The market will remain closed on May 1 on account of Maharashtra Day.
The market, after a rebound in previous two weeks, lost its strength in the week that ended on April 24 amid rising number of novel coronavirus cases and a delay in announcement of a larger financial package to support the economy.
While the BSE Sensex corrected 0.83 percent, the Nifty50 lost 1.2 percent and the broader markets fell around 3 percent.

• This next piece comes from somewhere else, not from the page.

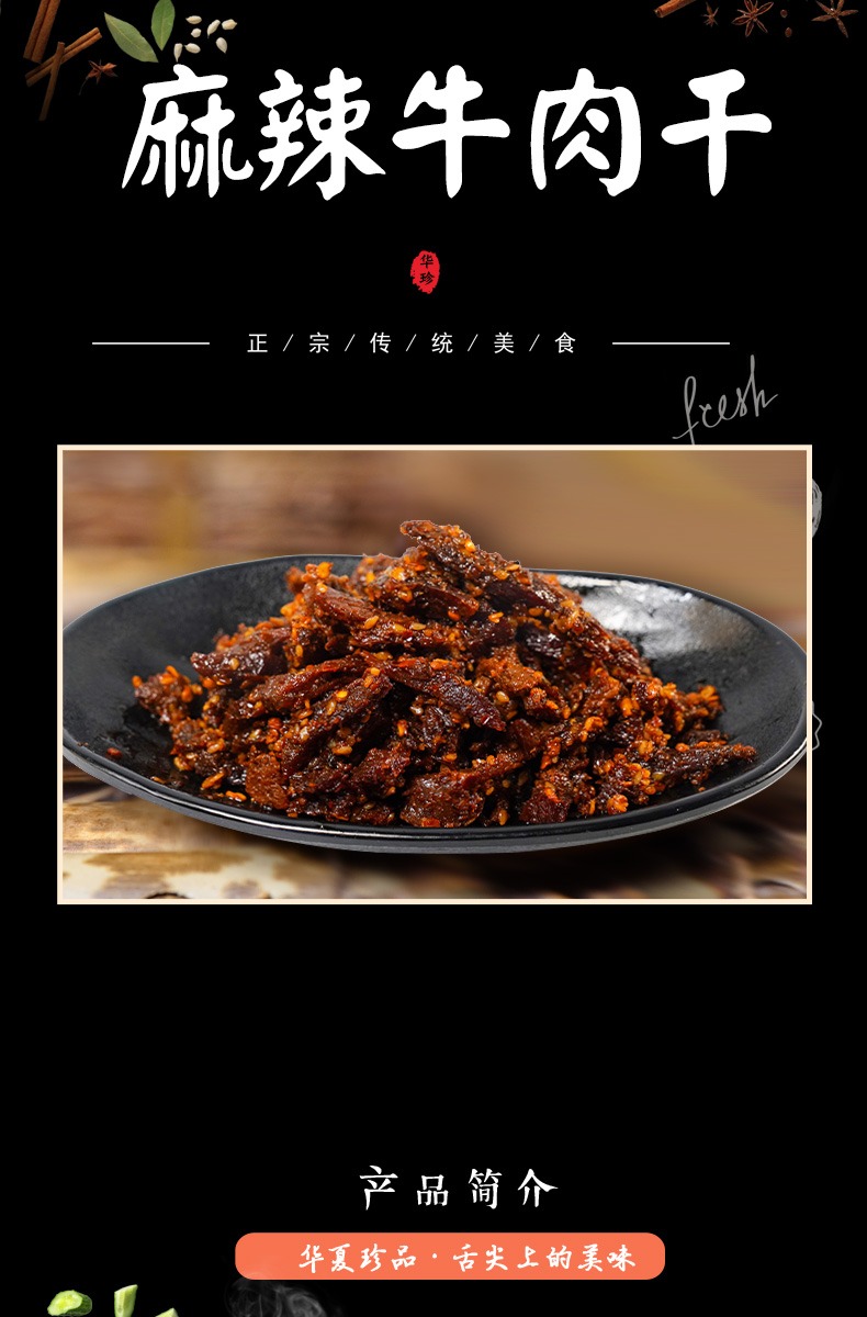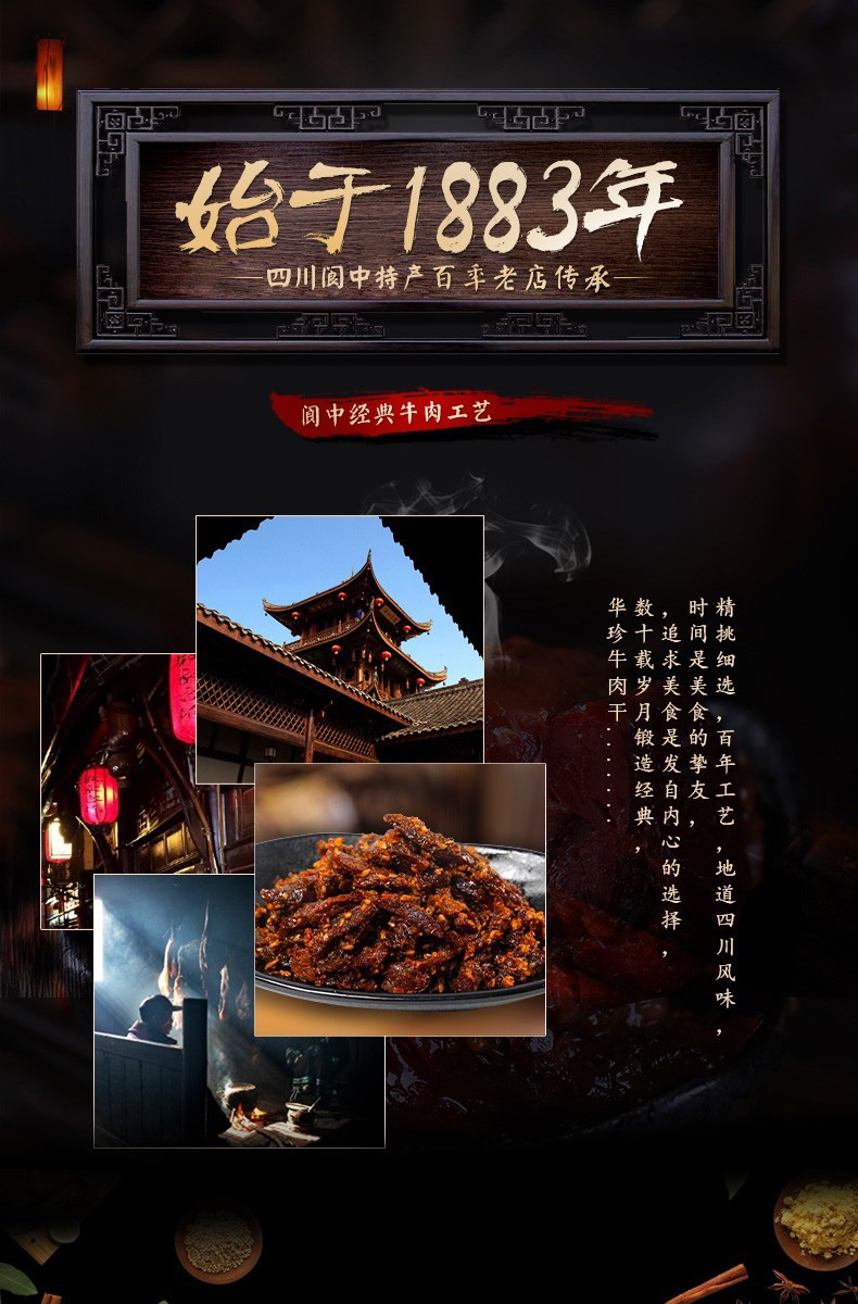 - 四川省非物质文化遗产,盐叶子牛肉,清真干牛肉,酥软鲜香,入口化渣。四川省阆中市地方特色风味小吃。阆中华珍风味食品公司直营,华珍牛肉唯一有赞官方旗舰店。

Rising expectations of an extended lockdown and its severe impact on June quarter earnings, the closure of debt schemes by Franklin Templeton fund and volatility in oil prices also kept market under pressure, though volatility cooled off. Globally too, markets remained in wait-and-watch mode after the recent rally.
Experts expect rangebound trade to continue in this truncated week amid hopes of a big stimulus package and global cues. Stock-specific activities can be seen as we are in the March quarter earnings season.

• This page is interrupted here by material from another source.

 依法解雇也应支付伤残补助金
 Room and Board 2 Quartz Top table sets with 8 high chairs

"Markets are constantly facing headwinds as the prevailing lockdown has completely derailed the economy and the news of a further delay in the stimulus package has dampened the sentiment," Ajit Mishra, VP Research at Religare Broking told Moneycontrol.
"At the top of it, there is no relief on the COVID-19 front as the numbers are not showing any signs of slowing down yet and that could result in further extension of the lockdown. In such a scenario, we doubt the recent recovery can extend further," he said.
The market will remain closed on May 1 on account of Maharashtra Day.
Here are 10 key factors that will keep traders busy in this truncated week:
Lockdown decision
This week, we will know whether the government will end the nationwide lockdown on May 3 or if it will be extended further. While efforts are on to curb the spread of the novel coronavirus so that the economy can be reopened, rising number of cases in Maharashtra, the National Capital Region (NCR), Gujarat and Madhya Pradesh, among other states, has led to concerns over what happens next.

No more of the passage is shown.